About Keeley Park
Having formerly served as a 138-acre family farm and then City-owned plant nursery, Keeley Park is the City of Greensboro, NC’s fourth regional park. The first phase of the park, developed with a Parks and Recreation Trust Fund (PARTF) grant, included a playground, picnic shelter, sprayground, community garden with a greenhouse, walking trails, five ponds with fishing, restrooms, maintenance building and two parking areas. It opened in 2012 and received 140,000 annual visitors by 2016.In anticipation of annual increases of visitors as well as population growth and residential development in this area, Parks and Recreation conducted an April 2016 master plan update.
Informed by extensive community outreach, Phase II of Keeley Park called for additional picnic shelters, an outdoor fitness area, additional trails, disc golf, a mountain bike trail, cornhole courts, an open play area, an additional restroom, more parking and other site amenities. Renovations to the existing facilities included enlarging the sprayground deck and adding a second shelter, removing a traditional playground for an inclusive playground and installing a teaching deck and adding raised beds in the community garden. Construction began in 2018.
Phase II also became a National Demonstration Site (NDS) as part of the North Carolina Recreation and Park Association (NCRPA) Healthy Play Initiative. NDS use evidence-based best practices in design and implementation, support health-related initiatives, and provide meaningful ways for community stakeholders to gather and share data about the sites’ community impact.

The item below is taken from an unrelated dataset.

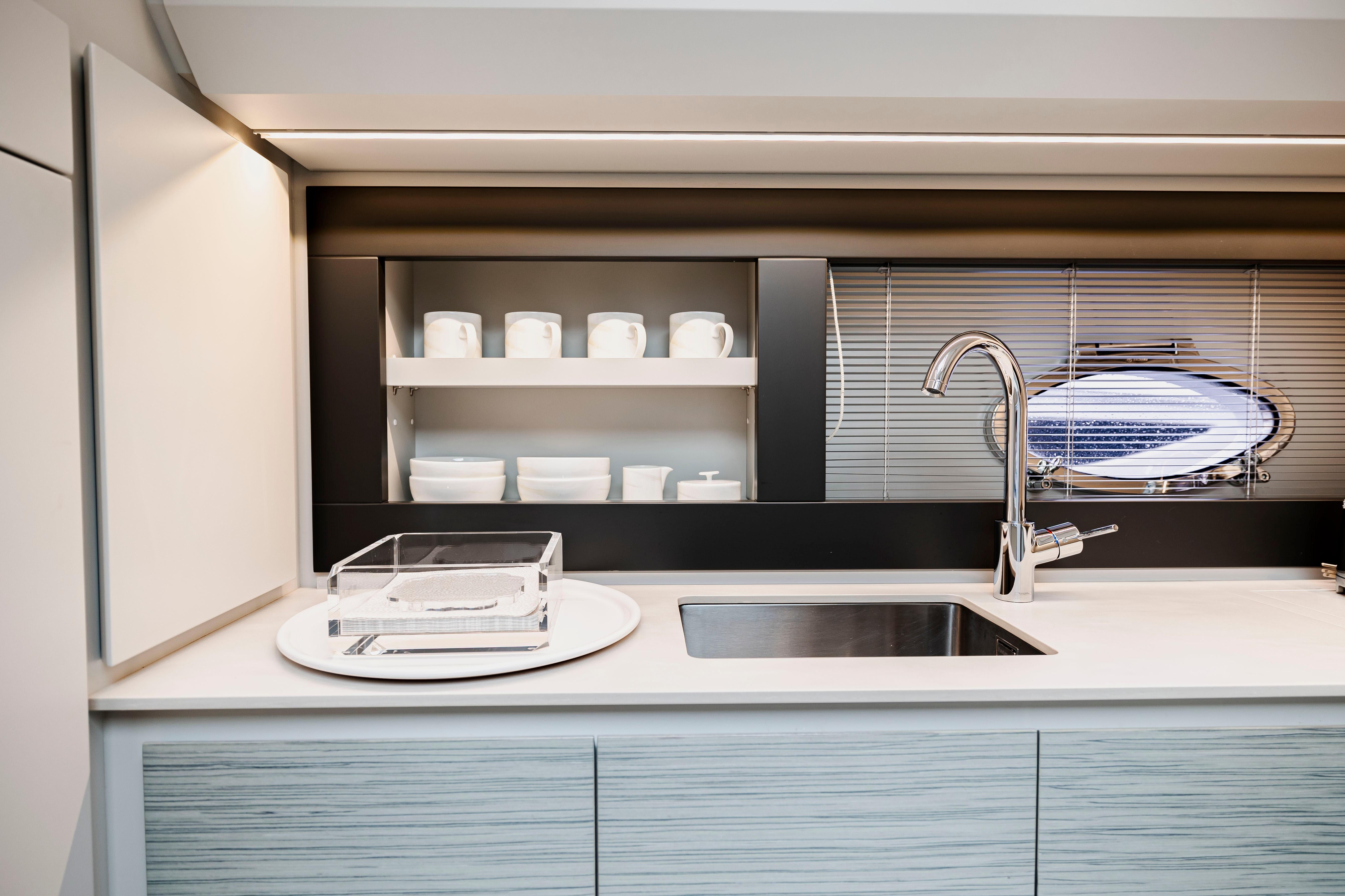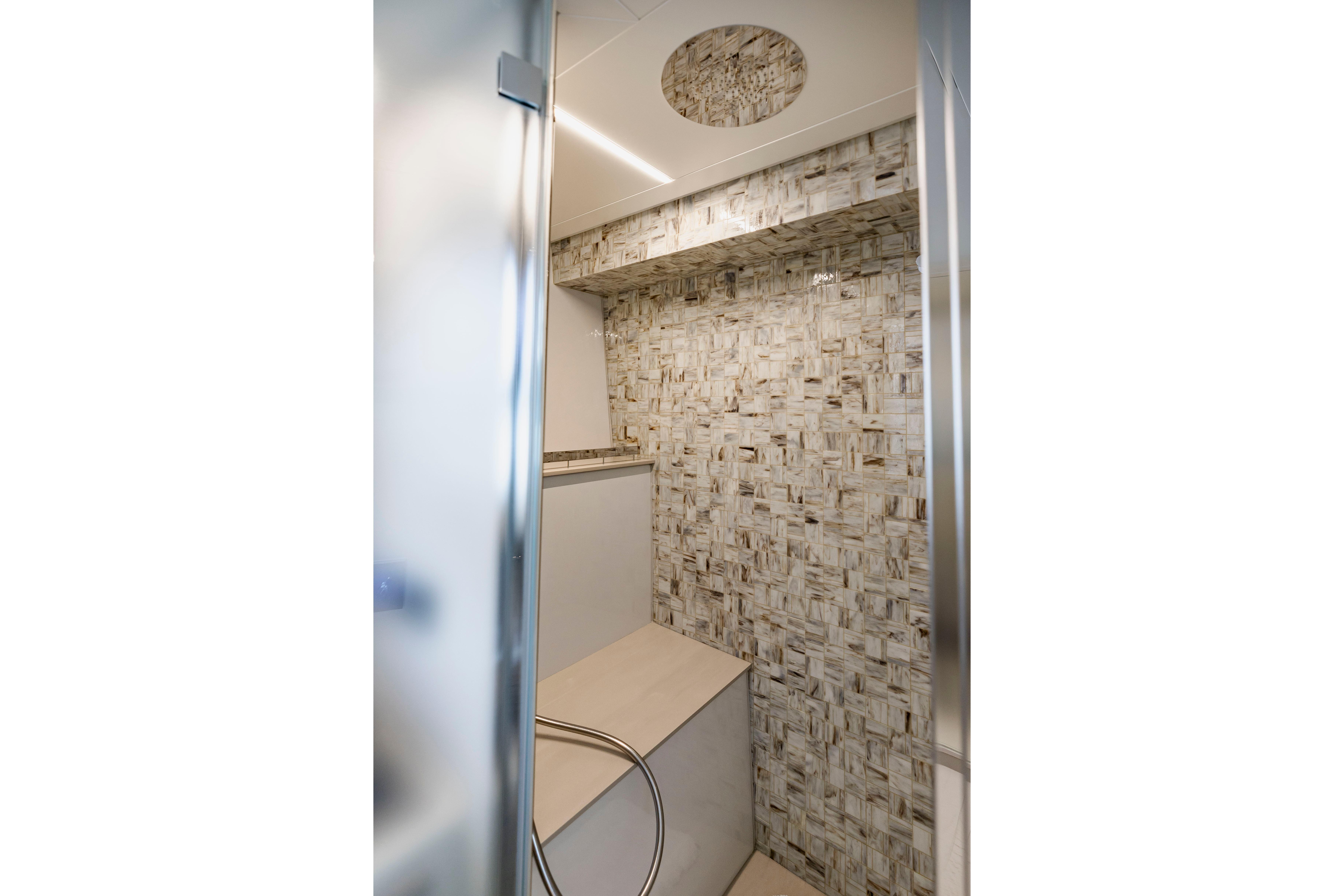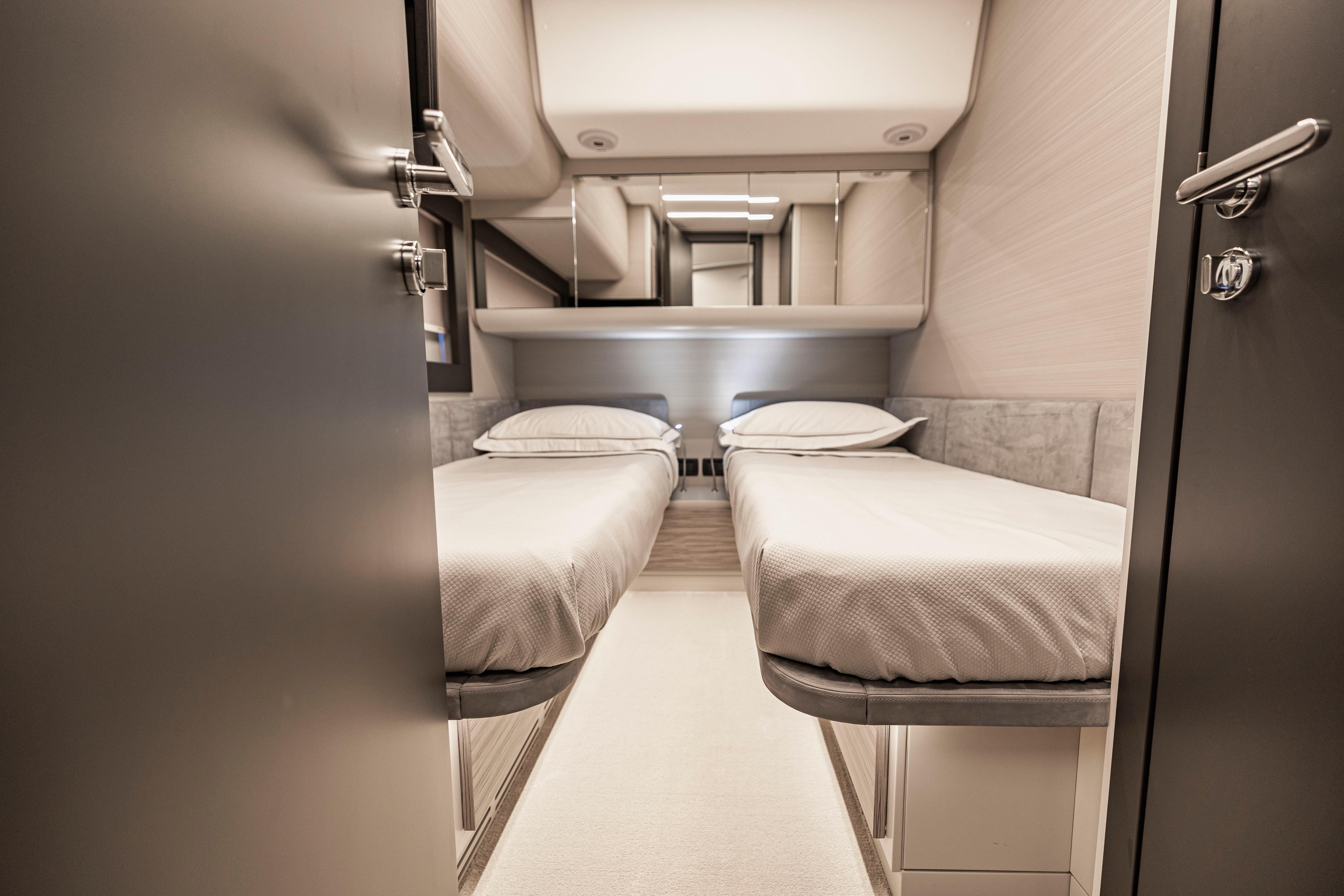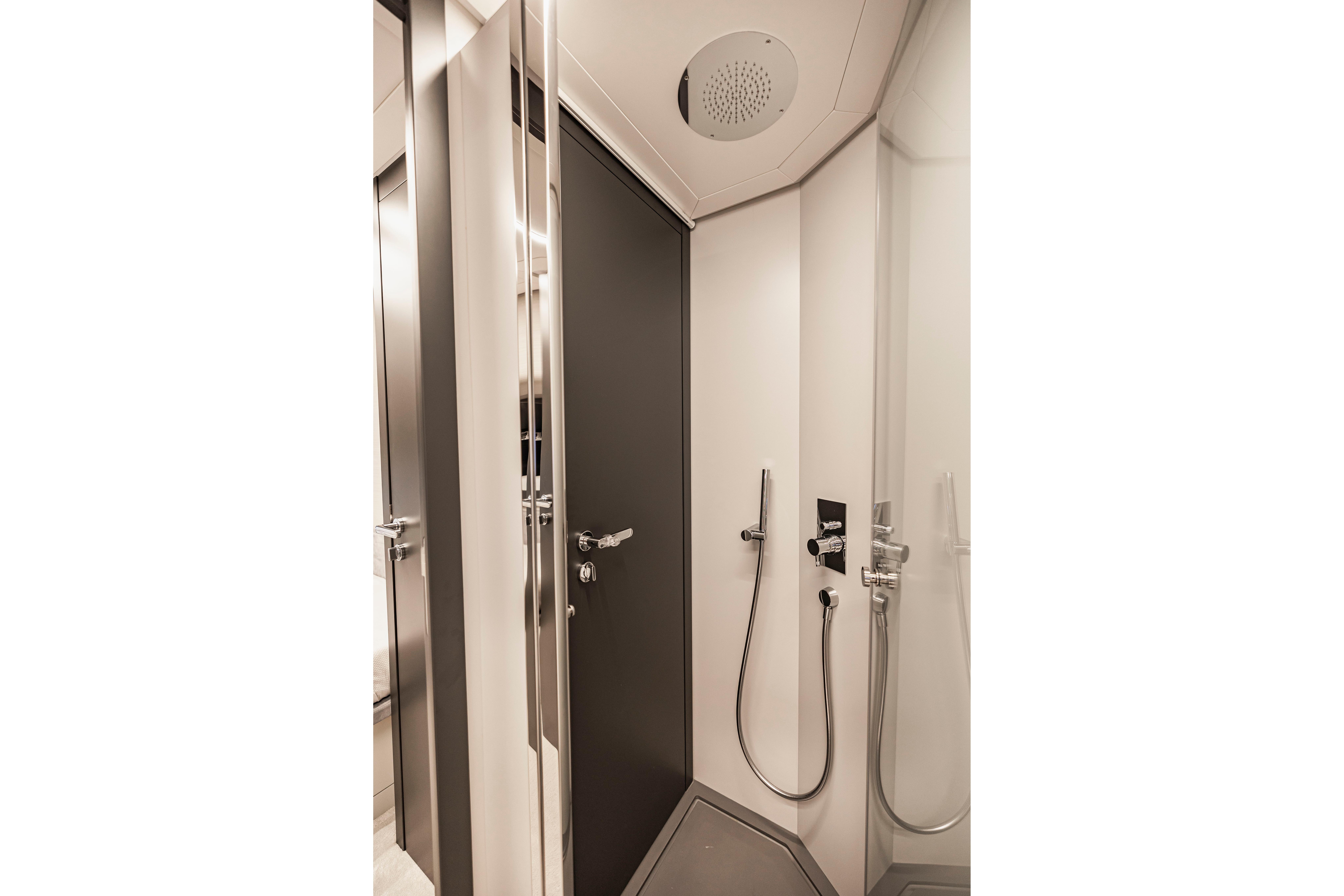 - Fixed side windows in tempered glass and (2) opening porthole in stainless steel and tempered glass

Keeley Park was designed to align to three NDS designations: applying seven principles of inclusive playground design to enhance physical and social inclusion; promoting physical activity through active play and encouraging developmental progress; and providing outdoor fitness parks.
Phase II’s one-of-a-kind Up in the AIR (Adaptive and Inclusive Recreation) Playground is the City’s first inclusive, barrier-free and accessible to all play destination. The outdoor fitness park offers a cost-effective, accessible ways to improve health for adults.
The final Phase II developments, including the playground and fitness area, were completed in 2020. Surveys of park visitors, conducted by PlayCore’s Center for Outreach, Research and Education, showed “an overwhelming level of satisfaction with the new play and recreation space. One hundred percent of surveyed visitors were satisfied with their experience, with a majority (94 percent) reporting being very or completely satisfied with the site during their visit.
About the Match
The $3.4 million project was funded with voter-approved bonds and grants, including a $250,000 federal Land and Water Conservation Fund (LWCF) grant that will ensure the space is protected parkland in perpetuity.
Park Reaction
Planning and Project Development Manager Shawna Tillery says a bout the project, "We want to attract the community to a playground where children of all abilities can play together with a range of physical, sensory. and social experiences. We want this play environment to encourage children to be active, to learn from and teach each other that differences are ok, and to make friends, socialize and be happy children!"